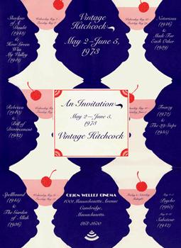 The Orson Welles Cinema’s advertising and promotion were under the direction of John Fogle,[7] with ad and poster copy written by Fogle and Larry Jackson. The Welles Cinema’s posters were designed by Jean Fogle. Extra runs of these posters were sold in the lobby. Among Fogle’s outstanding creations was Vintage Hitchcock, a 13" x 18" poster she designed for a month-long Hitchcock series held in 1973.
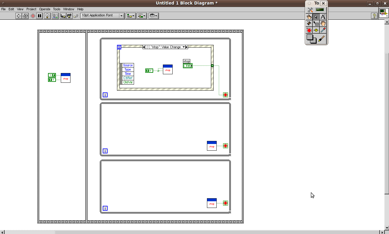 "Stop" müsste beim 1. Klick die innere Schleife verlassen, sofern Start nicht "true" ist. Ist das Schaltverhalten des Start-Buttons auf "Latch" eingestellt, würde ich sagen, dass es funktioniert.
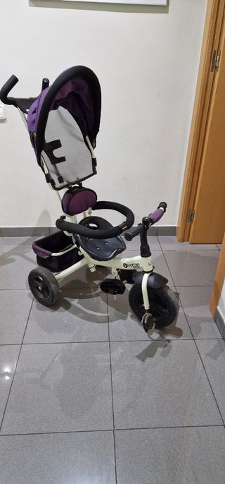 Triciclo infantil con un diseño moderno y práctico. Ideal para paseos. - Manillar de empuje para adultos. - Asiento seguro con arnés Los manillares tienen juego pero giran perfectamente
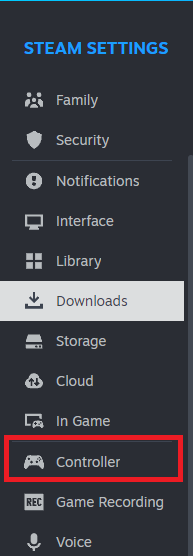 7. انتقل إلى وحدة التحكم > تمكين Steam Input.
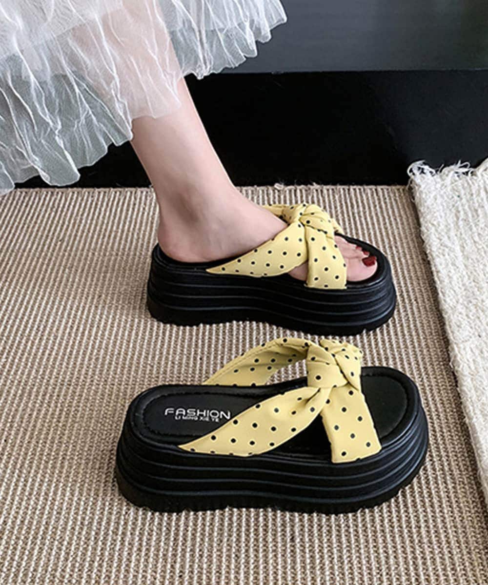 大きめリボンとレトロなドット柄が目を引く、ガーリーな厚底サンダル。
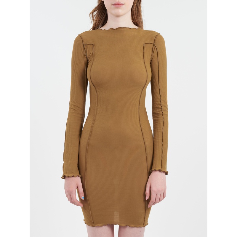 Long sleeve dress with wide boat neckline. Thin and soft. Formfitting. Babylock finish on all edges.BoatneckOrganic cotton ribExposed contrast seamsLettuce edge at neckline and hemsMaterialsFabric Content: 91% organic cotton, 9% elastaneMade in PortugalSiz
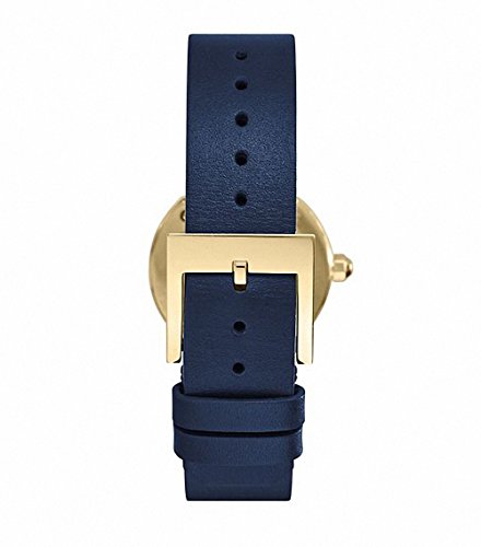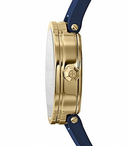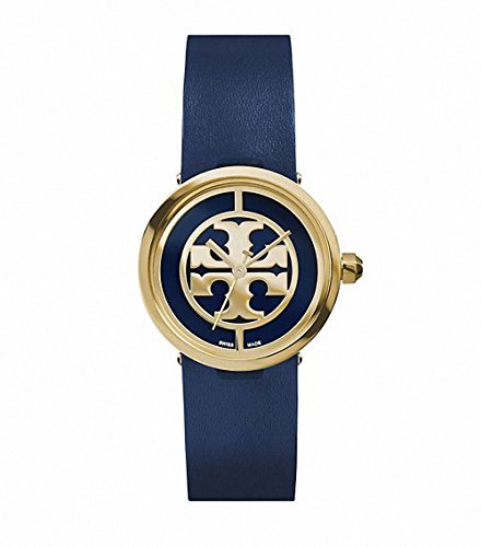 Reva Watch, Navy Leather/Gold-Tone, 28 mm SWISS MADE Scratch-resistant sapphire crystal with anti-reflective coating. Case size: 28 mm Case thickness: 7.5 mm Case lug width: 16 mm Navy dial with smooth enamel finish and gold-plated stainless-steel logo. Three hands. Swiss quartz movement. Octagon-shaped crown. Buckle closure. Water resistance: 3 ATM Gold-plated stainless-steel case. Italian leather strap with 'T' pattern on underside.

--

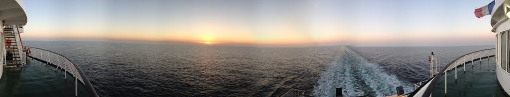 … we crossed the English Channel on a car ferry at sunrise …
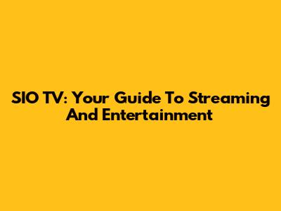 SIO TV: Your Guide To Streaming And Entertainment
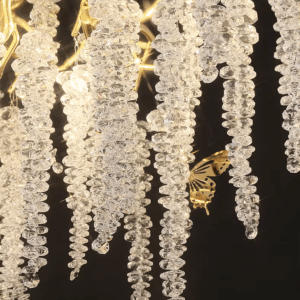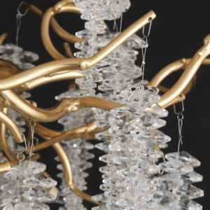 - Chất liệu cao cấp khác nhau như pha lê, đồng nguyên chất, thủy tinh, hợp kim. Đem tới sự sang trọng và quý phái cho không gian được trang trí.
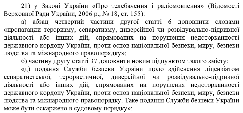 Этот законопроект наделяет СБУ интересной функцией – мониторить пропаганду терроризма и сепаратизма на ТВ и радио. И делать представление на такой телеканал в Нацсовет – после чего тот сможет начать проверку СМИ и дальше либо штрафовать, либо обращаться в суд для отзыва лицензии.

▸ **Assignment**: Print an exact copy of the lines above, from the one containing "The Orson Welles" through the one containing "大きめリボンとレトロなドット柄が目を引く、ガーリーな厚底サンダル。", and leave out the pictures.

▸ **Task response**:
 The Orson Welles Cinema’s advertising and promotion were under the direction of John Fogle,[7] with ad and poster copy written by Fogle and Larry Jackson. The Welles Cinema’s posters were designed by Jean Fogle. Extra runs of these posters were sold in the lobby. Among Fogle’s outstanding creations was Vintage Hitchcock, a 13" x 18" poster she designed for a month-long Hitchcock series held in 1973.
 "Stop" müsste beim 1. Klick die innere Schleife verlassen, sofern Start nicht "true" ist. Ist das Schaltverhalten des Start-Buttons auf "Latch" eingestellt, würde ich sagen, dass es funktioniert.
 Triciclo infantil con un diseño moderno y práctico. Ideal para paseos. - Manillar de empuje para adultos. - Asiento seguro con arnés Los manillares tienen juego pero giran perfectamente
 7. انتقل إلى وحدة التحكم > تمكين Steam Input.
 大きめリボンとレトロなドット柄が目を引く、ガーリーな厚底サンダル。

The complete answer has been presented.